10. We wholeheartedly support the concept of deemed discharge of conditions, not only to ensure that post-permission delays preventing implementation are not incurred by developers, but to release some of the development management pressure placed on struggling local authorities. However, we see no real reason (as is proposed) to exclude developments that are subject to conditions in areas of high flood risk, nor an Environmental Impact Assessment (EIA), providing that there are no unassessed environmental or flood risk effects. Given the large number of developments which are subject to an EIA (even with the increased thresholds announced in January 2015), this effectively neuters the effectiveness of deemed discharge for large developments, rendering it only useful for small to medium-sized schemes.

The Homes and Communities Agency and other agencies

11. Concerning property transfers and the role of the Homes and Communities Agency (HCA), we welcome the increased focus on housing delivery, with certain types of land being protected from development. We would also welcome further detail on the conditions under which property, rights and liabilities could be transferred to the HCA: for example the process by which land is classified as surplus; that the process is subject to transparent reporting of all aspects of the transaction to the Land Registry; and that the transfer is subject to viability and transparency.

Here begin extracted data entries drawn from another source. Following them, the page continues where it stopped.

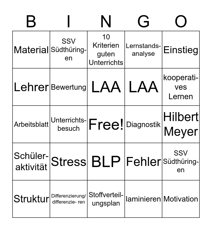 This bingo card has a free space and 24 words: Stress, Differenzierung/ differenzie- ren, LAA, Struktur, Einstieg, Material, Lehrer, SSV Südthüring- en, Diagnostik, BLP, LAA, Arbeitsblatt, Fehler, SSV Südthüring-en, Bewertung, laminieren, Hilbert Meyer, 10 Kriterien guten Unterrichts, kooperati- ves Lernen, Unterrichts-besuch, Motivation, Schüler- aktivität, Lernstands- analyse and Stoffverteil- ungsplan.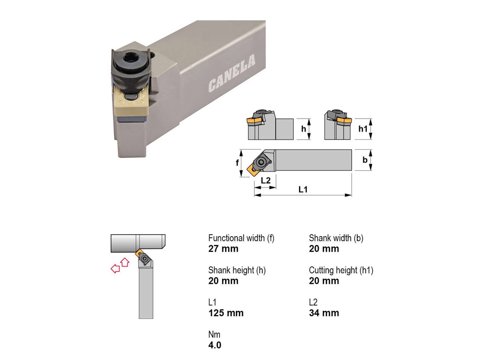 Canela MSSNR2020K12 stålholder sikrer præcision og holdbarhed til dine drejeopgaver. Denne højrehåndsmodel er designet til SNM..1204..-platter og er ideel til krævende skæreapplikationer uden køling.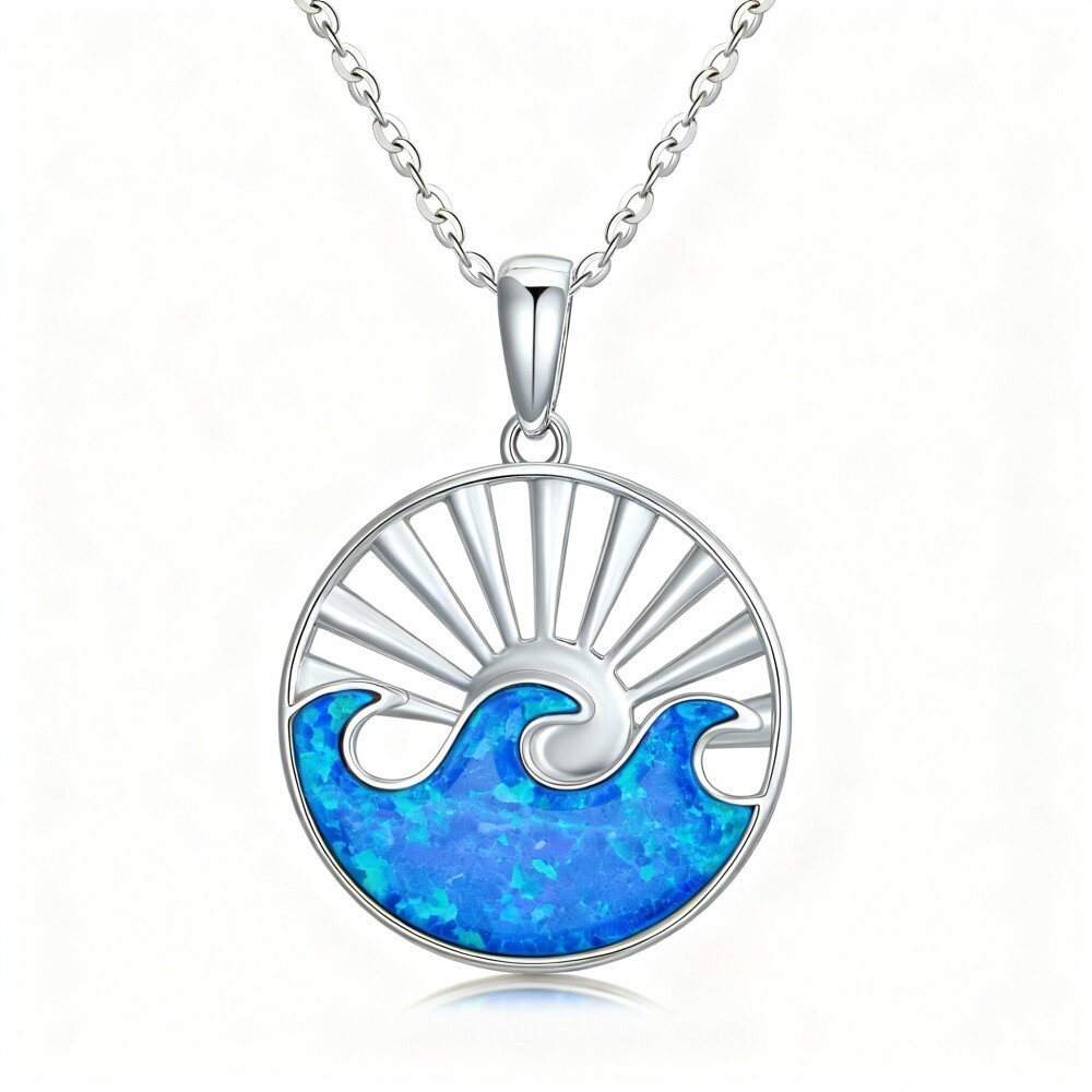 Discover the charm of our stunning 10K White Gold Pendant Necklace featuring a radiant opal sun design.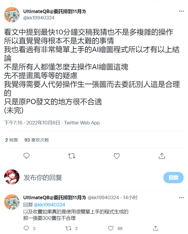 【AI绘图售卖被挂】AI绘图服务日渐流行,不少玩家相信在各地都看到过AI作图,不过AI训练需要投喂,也存在抄袭、未授权等疑虑。最近画师“UltimateQB”在社交媒体分享了截图,有用户利用AI绘图为契机进行售卖/接单,半身像收取新台币300元(约合人民币68元),还可以指定一些基本属性。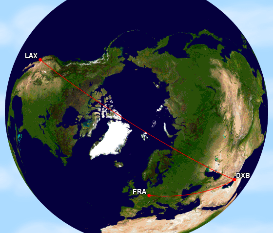 - Dubai nach Los Angeles in der Emirates First Class im Airbus A380 mit 16 Stunden Flugzeit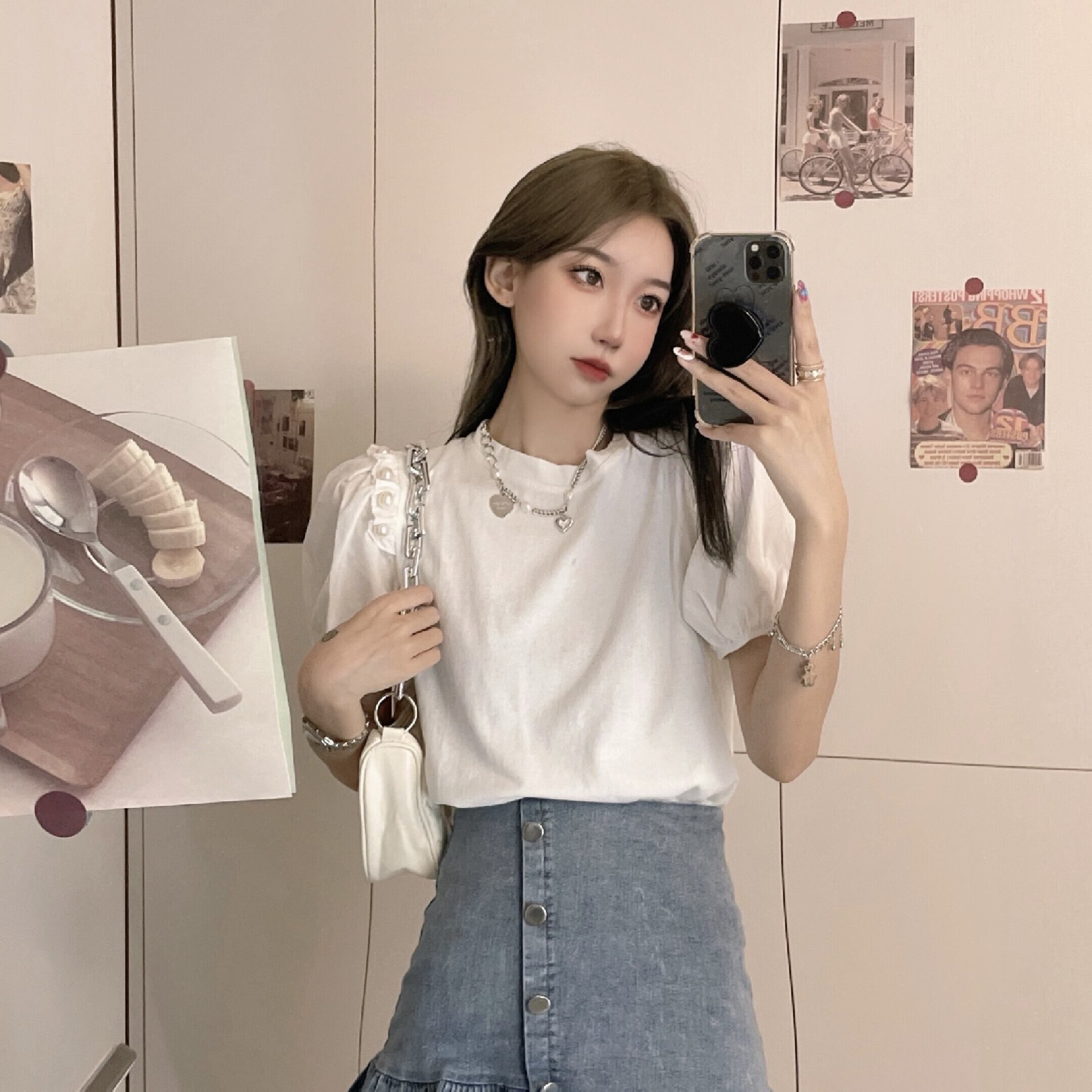 スプリングルーズホワイトショートスリーブTシャツ夏服薄手ラウンドネックトップス 春物 夏物 Oネック ステッチ コーデ Marchs17886891976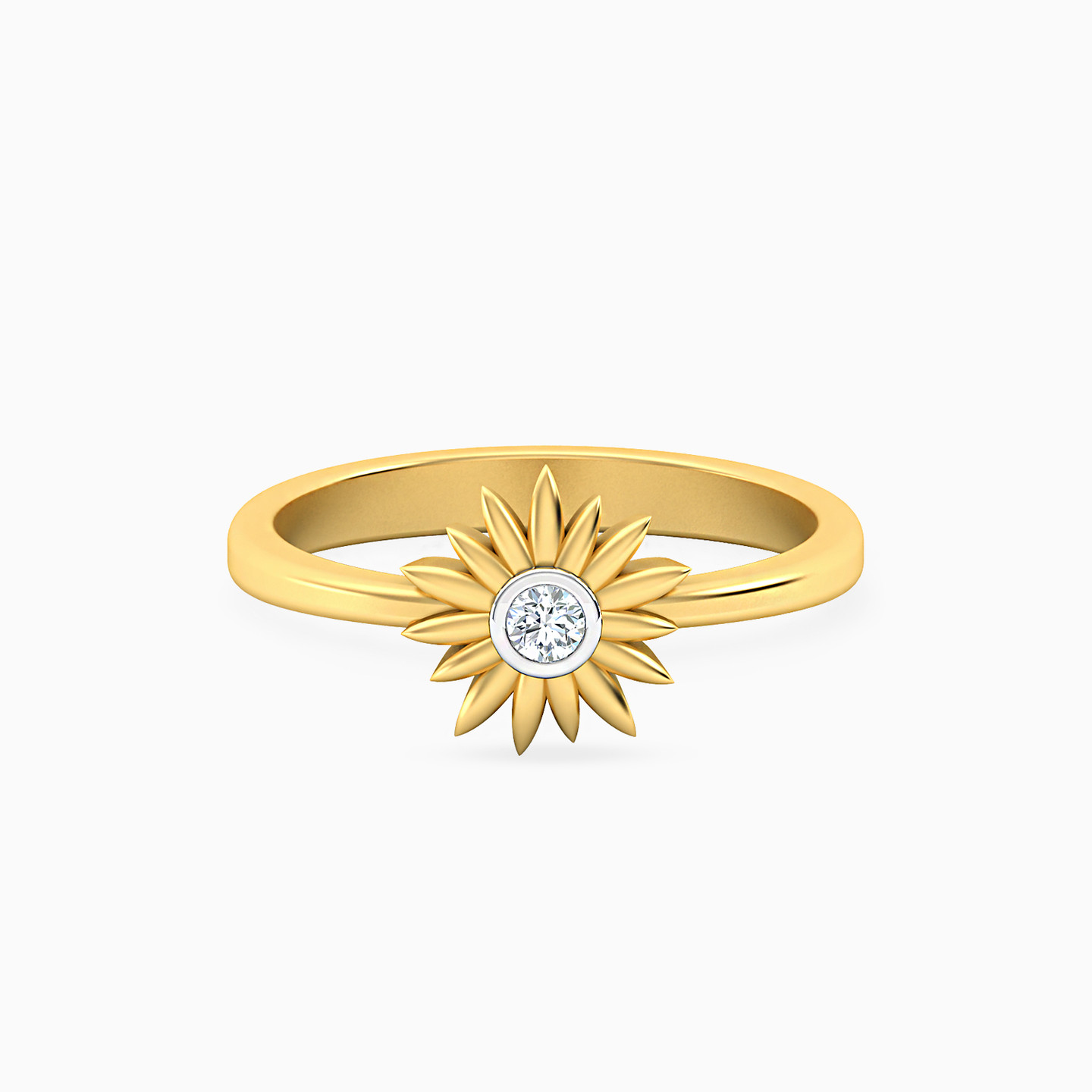 Glow up and shine with this sunflower ring from Miss L’. Featuring a diamond to the center, this classic piece lends an utterly feminine appeal to your look. We love the detailed work on the petals and the 18-karat yellow gold finish.

12. We recognise the value of ensuring the HCA is more efficiently able to manage surplus land currently owned by different Government departments and arms-length bodies. However, we are concerned that the aims of the individual departments and arms-length bodies and those of the HCA have in the past been, and will continue to be, in conflict. Those within those departments and bodies are often much better-placed to make judgements on these disposals and gain best value for the taxpayer. For example, NHS Property Services has been constrained in its ability to make most efficient use of its portion of the NHS estate due to the emphasis on releasing land for homes.

13. We also welcome Government reassurances that it is investigating opportunities through which local authorities can themselves have responsibility for the release of public land. However, given the extensive public spending cuts, this increase in powers would undoubtedly need to be accompanied by a significant increase in funding in order to ensure local authorities benefitted from sufficient expertise and capability.

Offsite carbon abatement measures

14. Clause 32 of the Bill refers to the concept of allowable solutions, and outlines the four routes by which house builders can achieve Government targets for all new homes to be zero carbon from 2016 by using a range of off-site carbon abatement measures.

15. Given that the content of clause 32 has its basis in the extensive Government consultation Next Steps to Zero Carbon Homes – Allowable Solutions, which received 172 responses, we would be wary of further changes being introduced to this clause via proposed amendments. Amendments which appear to have the intention of preventing exemptions from allowable solutions requirements on small sites are also perhaps premature as the consultation on proposals for such exemptions closes on 7th January 2015.

16. We would be pleased to discuss or amplify any of the points raised in our response.